Jorge, who fled the communist-run island two years ago to the United States, won a gold medal in Toyko in 2020 for Cuba.
He is one of two Cubans on the International Olympic Committee (IOC) refugee team, which has included citizens from the nation for the first time since it first competed in Rio in 2016.
The COC in a statement published in local media demanded "the immediate expulsion of the aforementioned athlete from the Paris 2024 Olympic Games."
According to the statement, Jorge, 25, violated "the rules that govern the International Olympic Movement" by making "disrespectful and false political statements against his country, his people and the sports movement that allowed him to be Olympic champion in Tokyo-2020."
The COC also denounced the decision to include Cubans on the refugee team, even though the IOC recognizes "that none of these athletes ... are uprooted by war or persecuted."
"This confirms Cuba's concerns about the true political motivation of the inclusion of athletes of Cuban origin" in the refugee team, said the statement.
The COC said the goal was "to attack the image of the Cuban sports movement."
The Olympic refugee team includes 36 athletes from 12 countries. The other Cuban citizen is weightlifter Ramiro Mora, who is based in Great Britain.

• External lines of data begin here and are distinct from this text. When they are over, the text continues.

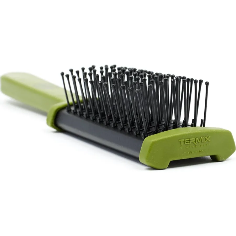 Deze borstel is geschikt voor middellang en lang haar. Het heeft platte borstels met speciale vezels die het haar beschermen tegen breken. Ze kunnen verdere beschadiging van de haarstructuur voorkomen. Het maakt niet uit of nat, vochtig of volledig droog haar wordt gekamd. De Barber Thermal Flat Brush kan alleen of in combinatie met een föhn worden gebruikt.De Barber Thermal Flat Brush kan worden gebruikt als professionele styling tool. Het gebied onder de borstels is geventileerd. Met snelle bewegingen breng je meer lucht in het haar. Dit creëert meer volume en lift tegelijkertijd de haaraanzet. Dit zijn ideale omstandigheden voor het creëren van speciale kapsels zoals een pompadour. Hoge temperaturen door wrijving treden niet op. TERMIX maakt dit mogelijk dankzij een speciale keramische coating.
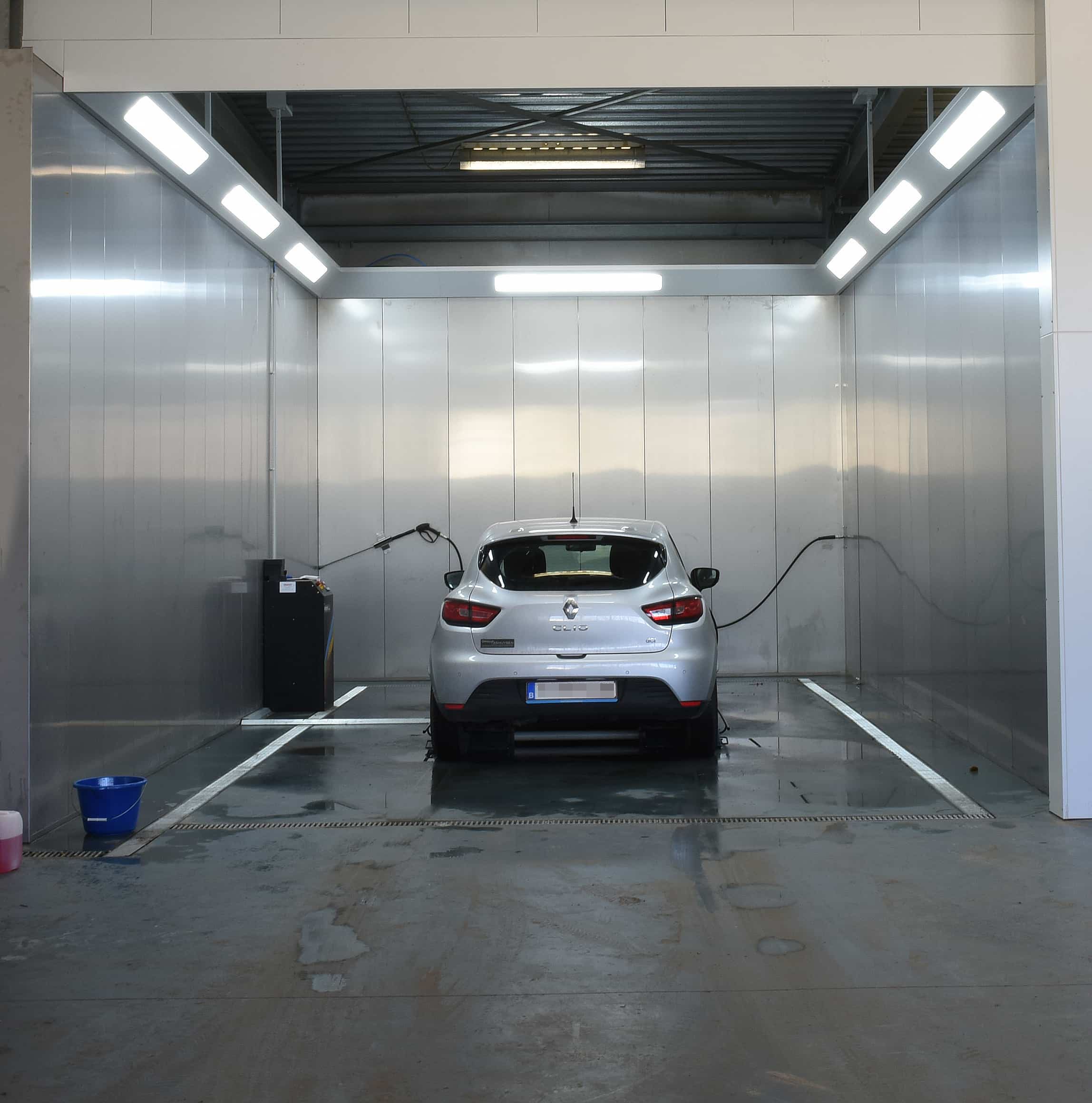 Deze voorbereidingszones, met roestvrijstalen wanden, creƫren de ideale werkplek voor het reinigen van de voertuigen.
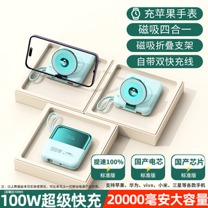 新款100W快充50000毫安大容量磁吸充电宝自带线小巧无线充适用苹
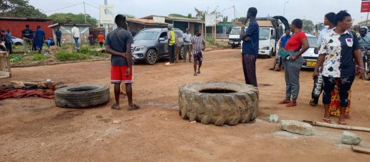 A group of young people in Kpone, within the Kpone Katamanso Municipality of the Greater Accra Region, have staged a demonstration to protest poor roads, water shortages, and unresolved land boundary disputes in the area.
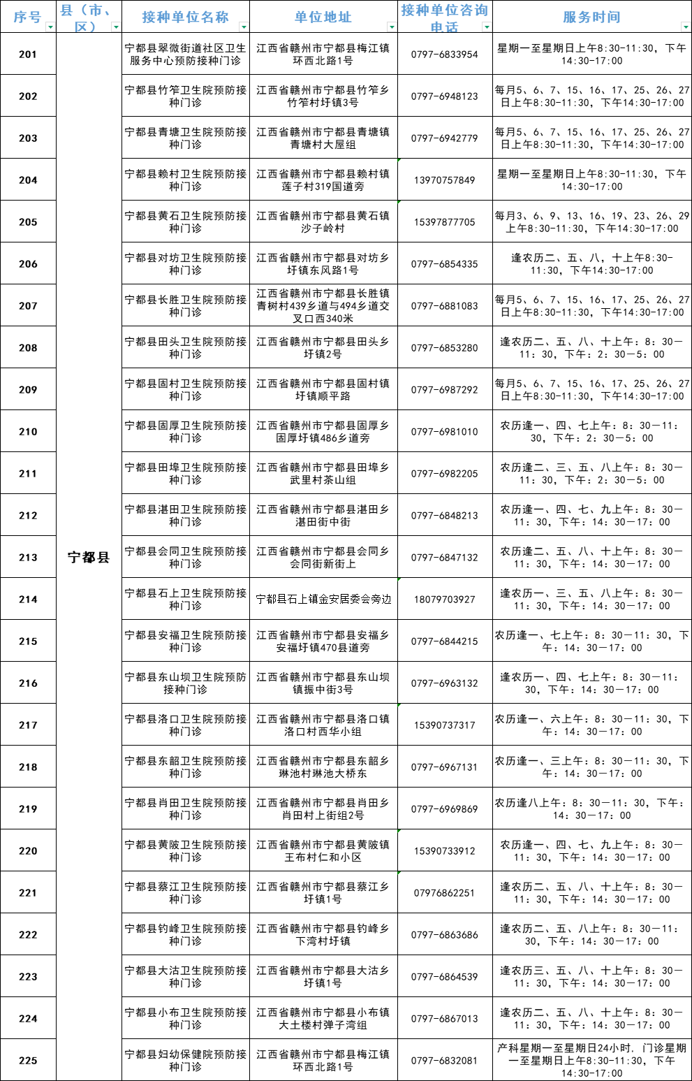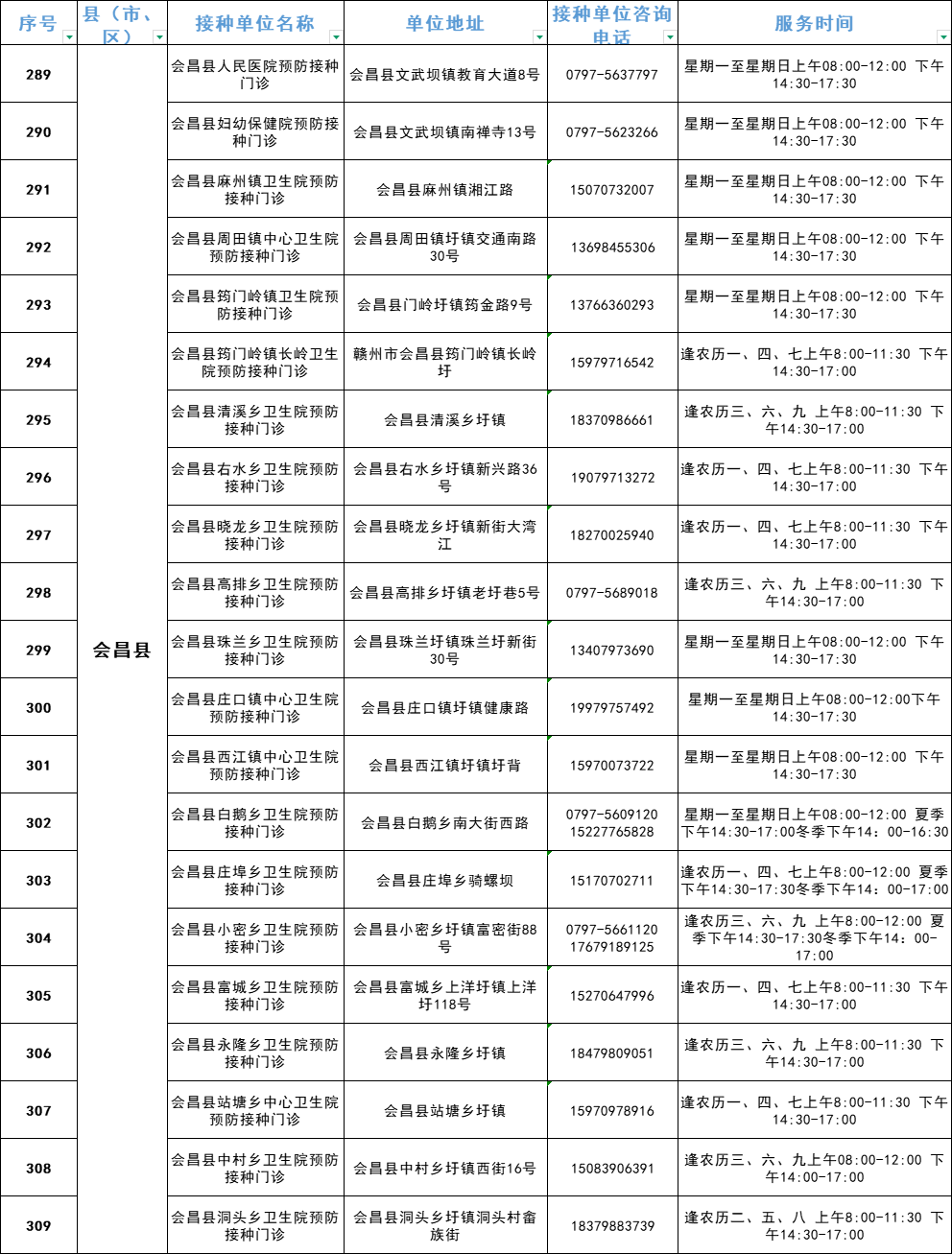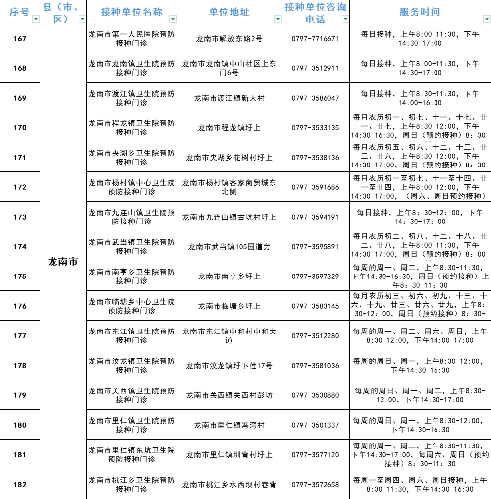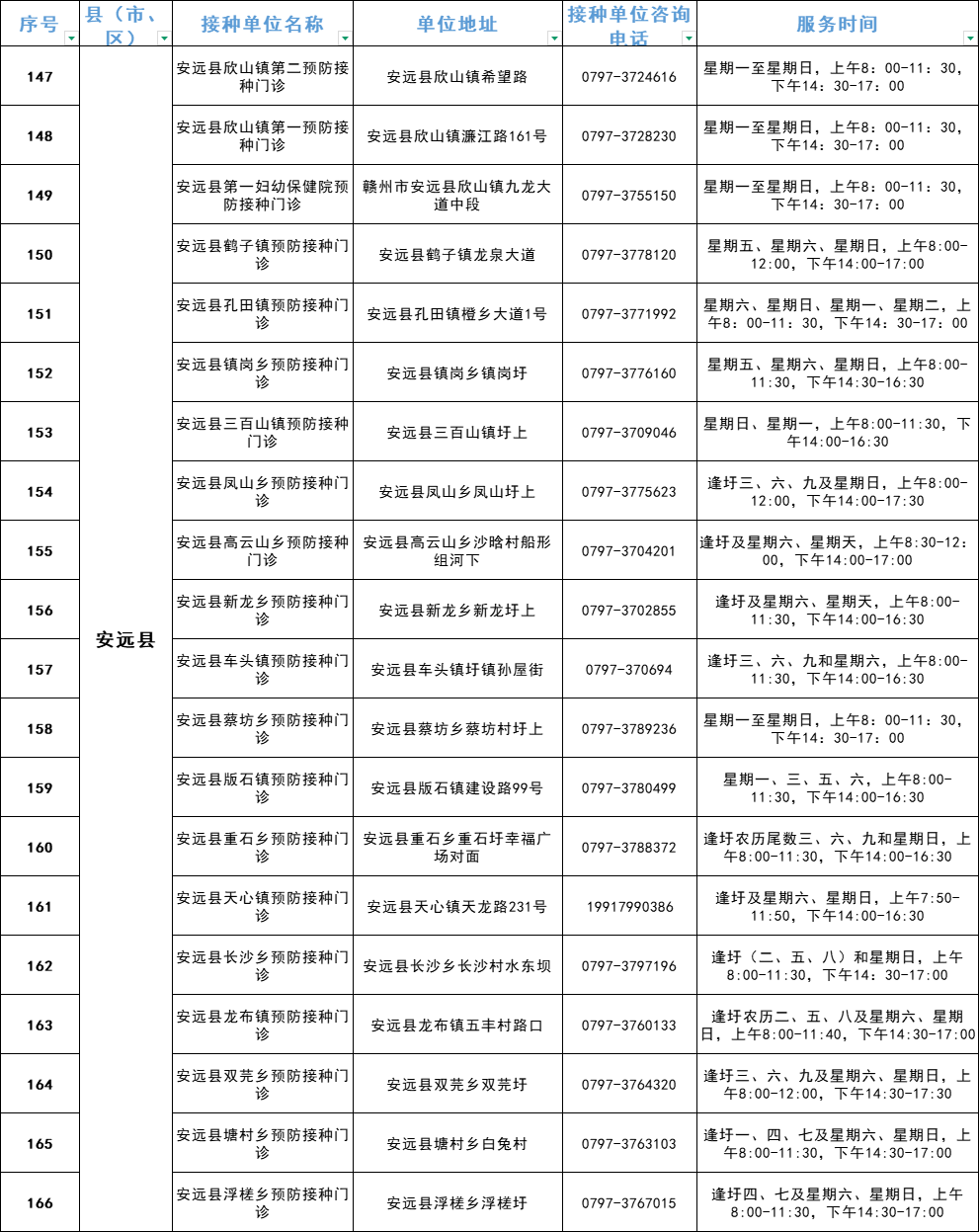 赣州市流感疫苗预防接种单位
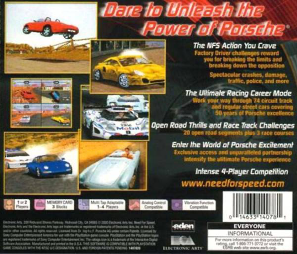 Need for Speed: Porsche Unleashed for the Sony PlayStation 1 is a racing game that exclusively features Porsche vehicles throughout the automaker's history. Released in 2000, the game is part of the popular Need for Speed series and focuses on delivering an authentic Porsche experience with a variety of models from classic to contemporary. The game offers different modes, including a career mode where players progress through the history of Porsche, with realistic driving dynamics and car customization. Its genre is arcade racing with simulation elements, aimed at car enthusiasts and gamers alike.
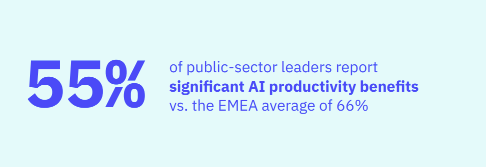 Anche le organizzazioni del settore pubblico si trovano nelle fasi iniziali del processo di conversione del potenziale dell’AI in valore operativo. Ad oggi, soltanto il 55% delle organizzazioni del settore pubblico ha dichiarato di aver ottenuto miglioramenti significativi di produttività.
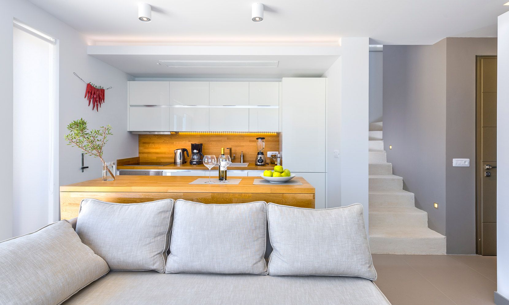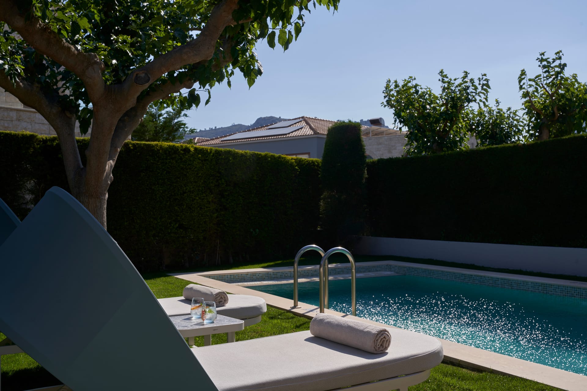 Carefully chosen endemic plants such as wild thyme, rosemary, broom, fennel and oleander, blend sensitively into the natural landscape with the stone walls and gardens ensuring privacy.
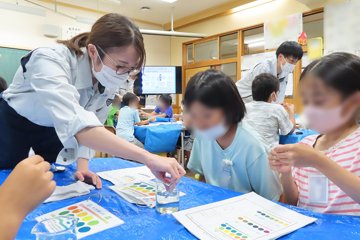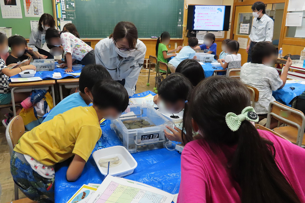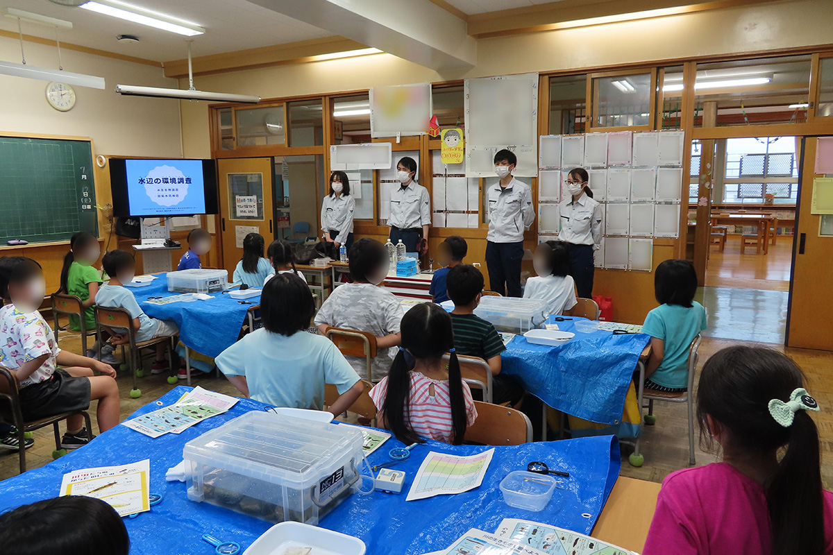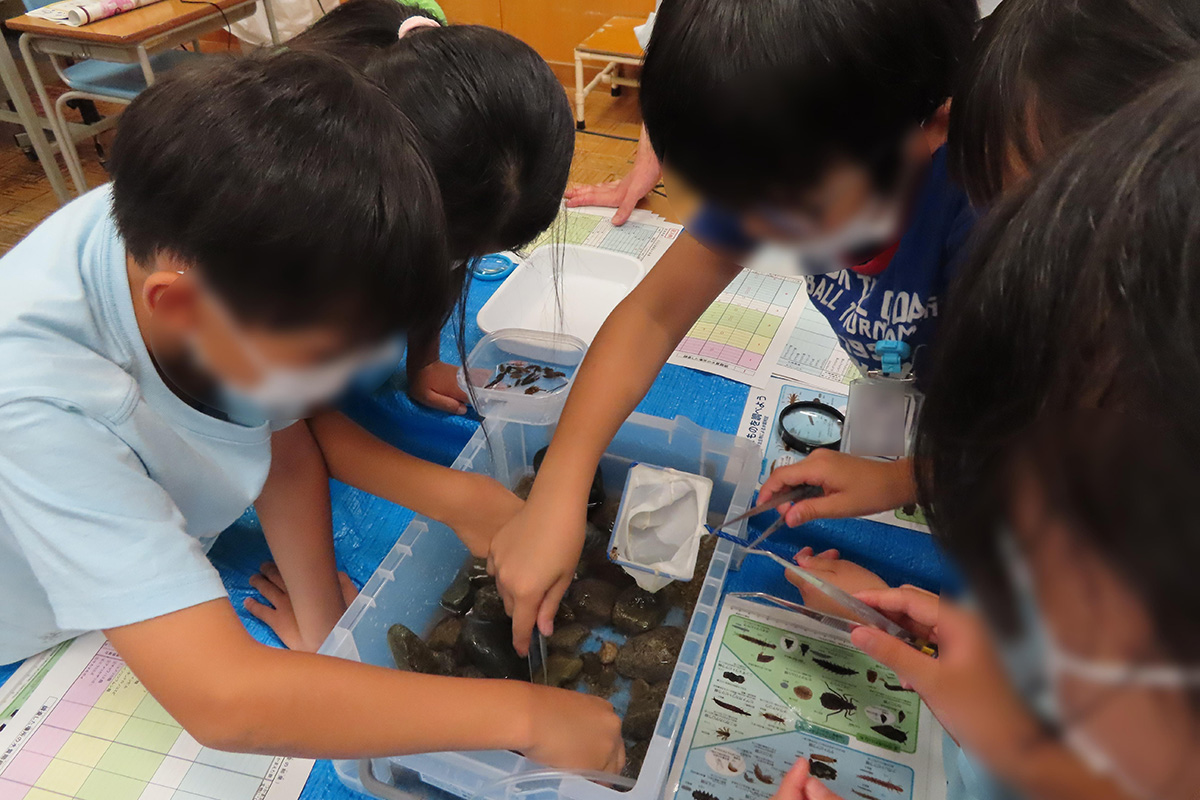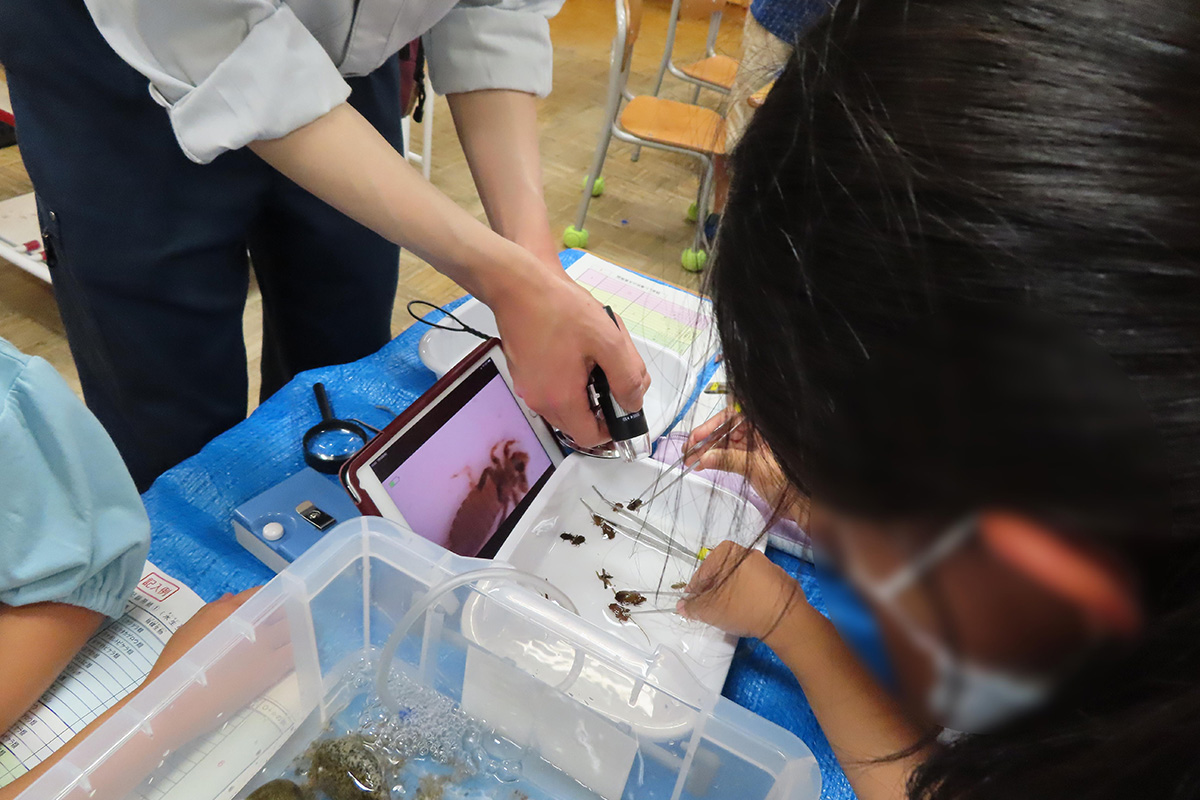 同校周辺の水辺環境について、試薬による分析と生き物の生息状況の両面から確認し、自然環境の保全の大切さを学ぶために実施。同校近くの登川河川公園から採取し、園芸用コンテナに移した水生生物を捕獲し、ルーペや電子顕微鏡で観察しながら捕獲した水生生物の種類や数などを調査した。また、水生生物の捕獲場所等で採水した水を簡易水質検査キットで検査し、色の変化からpH等の数値を記録した。捕獲した水生生物の結果と簡易水質検査の結果から川の水質を評価し、グループ毎に発表した。

Cuba's bleak economic circumstances have pushed some five percent of the population to flee in recent years, many to the United States.
In a recent interview with AFP in Florida, where he is training, Jorge described how he "defected" during a training camp in Mexico City in March 2022.
He sneaked across the border with the United States with a colleague after a 15-day ordeal in which they tried hard to go unnoticed and avoid getting kidnapped for ransom.
When trying to cross the dangerous Rio Grande, he heard the screams of a woman in distress and leaped in to save her.
"I told her, 'come on, we're going to make it,'" he recalled.
Despite his heroic actions and Olympic gold, he was treated like anyone else who entered the country without papers.
However, his asylum request has since been granted and after a long wait, he was accepted on the Refugee Olympic Team.
"I was bursting with happiness," Jorge said. "I am going to represent that flag with so much pride."